Directions for this task — Below, some lines carry pictures; leave those pictures out and retype exactly the lines from the one with "5月11日,土目源村的石屋倒映在水滴里(照片翻轉180度)。" through the one with "生活中不止有学校生活,还有多".

Material supplied —
-=-=-
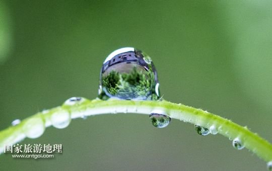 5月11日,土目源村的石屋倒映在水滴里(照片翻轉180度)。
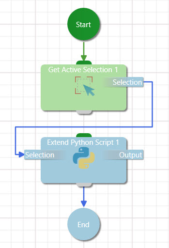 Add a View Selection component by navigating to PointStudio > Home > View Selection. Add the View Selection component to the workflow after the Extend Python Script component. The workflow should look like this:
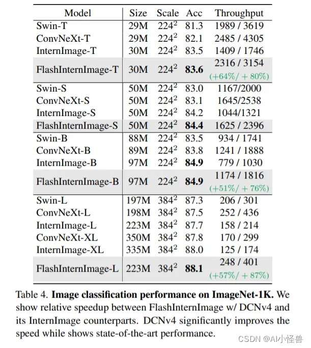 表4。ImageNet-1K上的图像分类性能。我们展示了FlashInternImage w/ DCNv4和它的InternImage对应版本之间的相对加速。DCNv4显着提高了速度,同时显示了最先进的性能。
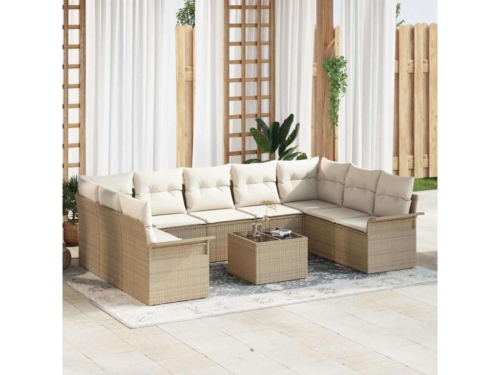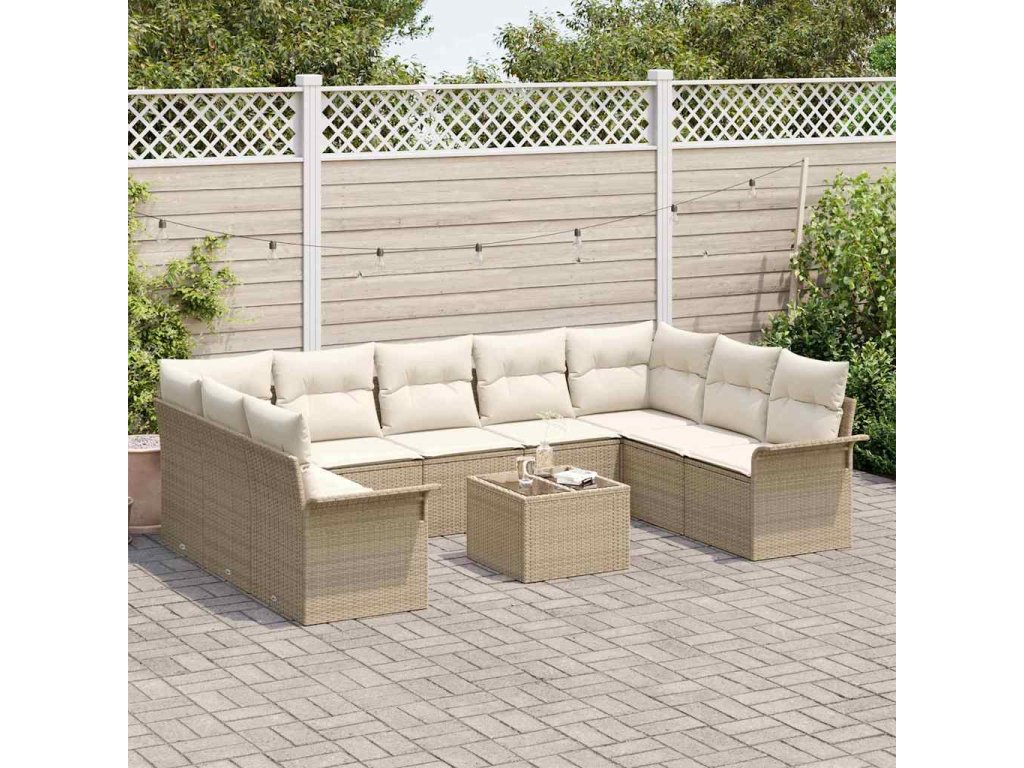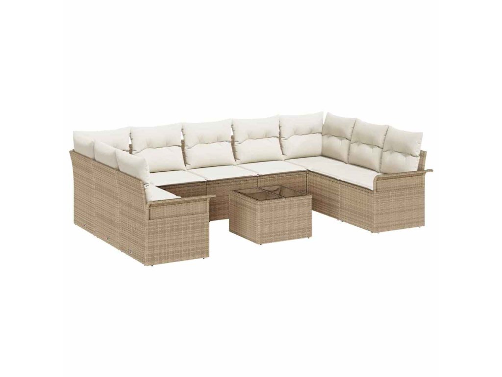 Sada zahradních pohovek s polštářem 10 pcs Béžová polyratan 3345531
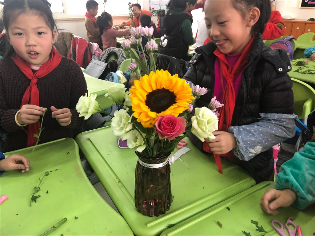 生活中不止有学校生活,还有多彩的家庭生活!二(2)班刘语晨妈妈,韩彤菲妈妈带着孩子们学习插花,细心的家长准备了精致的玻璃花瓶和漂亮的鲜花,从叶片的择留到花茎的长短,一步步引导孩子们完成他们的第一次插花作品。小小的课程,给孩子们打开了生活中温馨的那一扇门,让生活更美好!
-=-=-
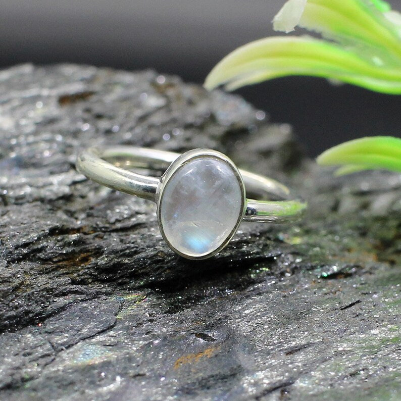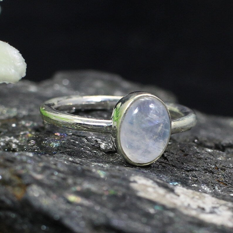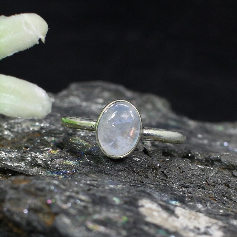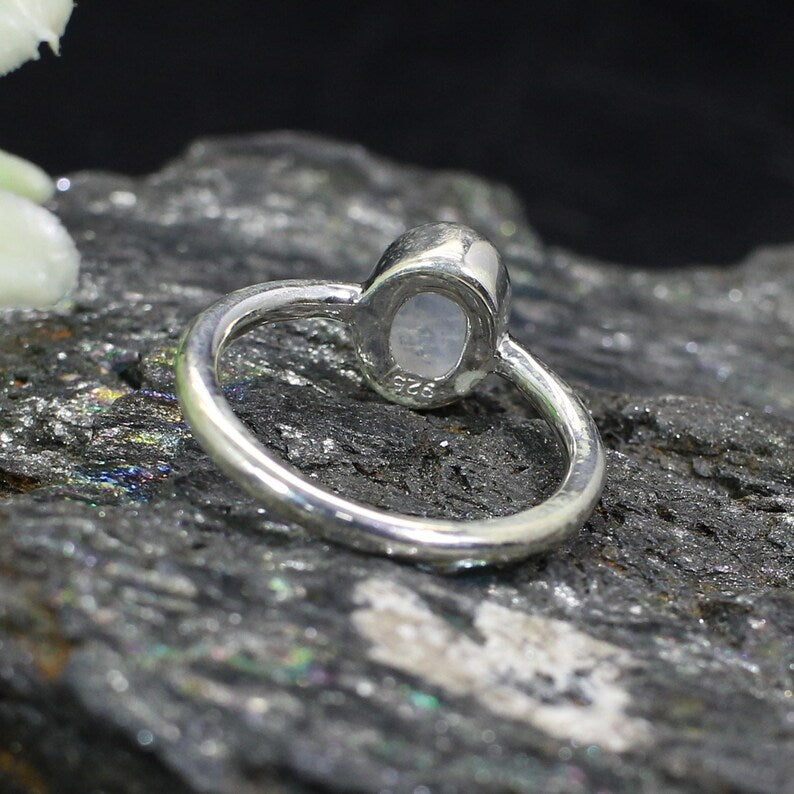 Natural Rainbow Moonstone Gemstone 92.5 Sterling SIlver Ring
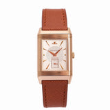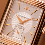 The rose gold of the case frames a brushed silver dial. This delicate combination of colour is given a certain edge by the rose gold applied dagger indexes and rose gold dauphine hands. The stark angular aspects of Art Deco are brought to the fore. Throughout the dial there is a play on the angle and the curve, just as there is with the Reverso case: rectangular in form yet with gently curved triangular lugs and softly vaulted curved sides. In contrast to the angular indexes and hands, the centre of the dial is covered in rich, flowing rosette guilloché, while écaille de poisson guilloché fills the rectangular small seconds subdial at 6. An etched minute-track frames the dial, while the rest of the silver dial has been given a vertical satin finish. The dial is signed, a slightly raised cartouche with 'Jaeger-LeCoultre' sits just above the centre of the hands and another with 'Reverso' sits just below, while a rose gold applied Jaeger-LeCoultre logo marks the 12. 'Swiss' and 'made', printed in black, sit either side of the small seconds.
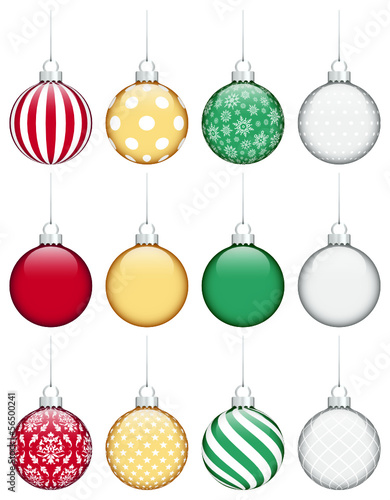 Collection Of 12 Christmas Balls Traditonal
-=-=-
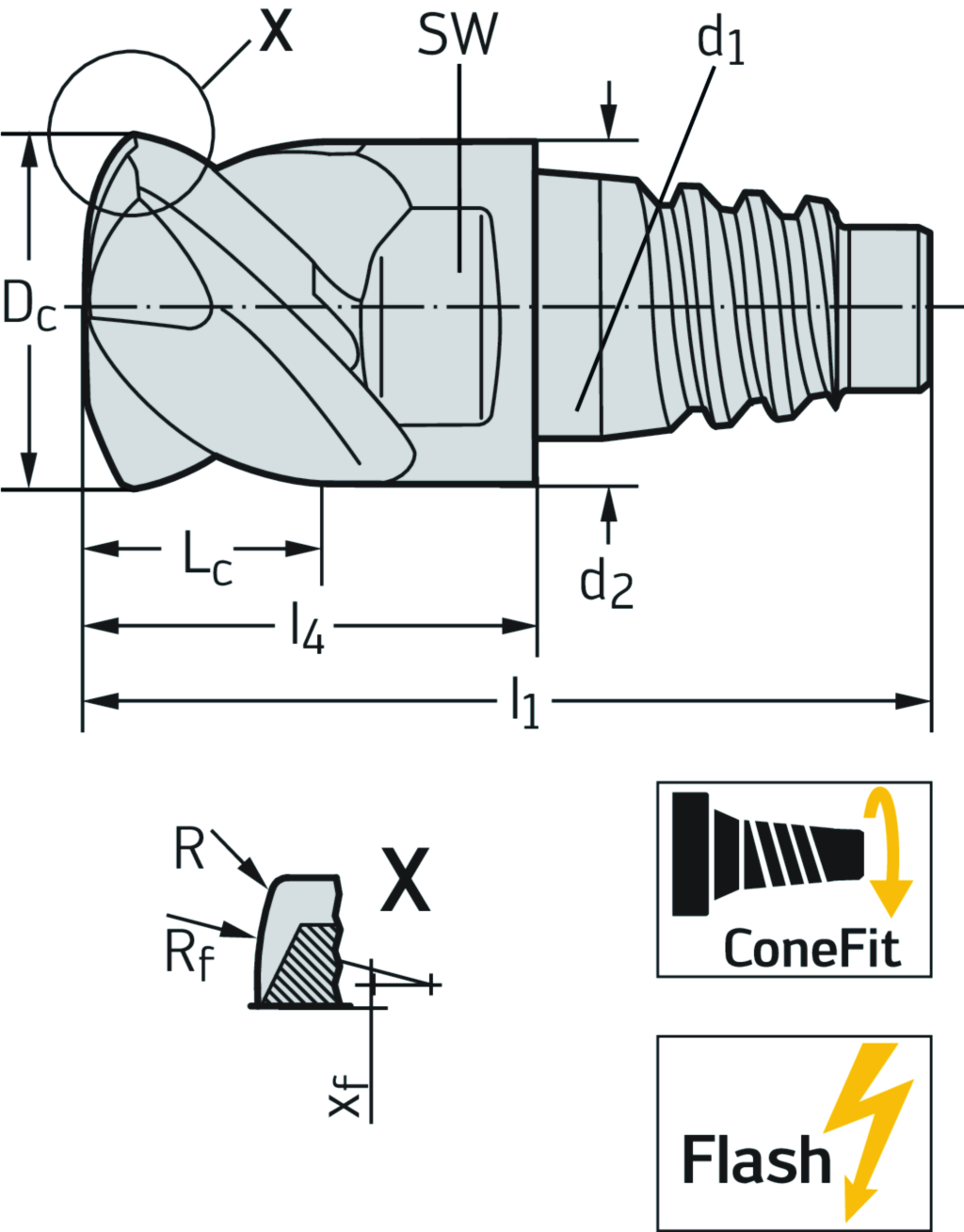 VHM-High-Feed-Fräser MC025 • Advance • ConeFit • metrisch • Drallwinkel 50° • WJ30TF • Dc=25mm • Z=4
-=-=-
Answer to the exercise —
 5月11日,土目源村的石屋倒映在水滴里(照片翻轉180度)。
 Add a View Selection component by navigating to PointStudio > Home > View Selection. Add the View Selection component to the workflow after the Extend Python Script component. The workflow should look like this:
 表4。ImageNet-1K上的图像分类性能。我们展示了FlashInternImage w/ DCNv4和它的InternImage对应版本之间的相对加速。DCNv4显着提高了速度,同时显示了最先进的性能。
 Sada zahradních pohovek s polštářem 10 pcs Béžová polyratan 3345531
 生活中不止有学校生活,还有多彩的家庭生活!二(2)班刘语晨妈妈,韩彤菲妈妈带着孩子们学习插花,细心的家长准备了精致的玻璃花瓶和漂亮的鲜花,从叶片的择留到花茎的长短,一步步引导孩子们完成他们的第一次插花作品。小小的课程,给孩子们打开了生活中温馨的那一扇门,让生活更美好!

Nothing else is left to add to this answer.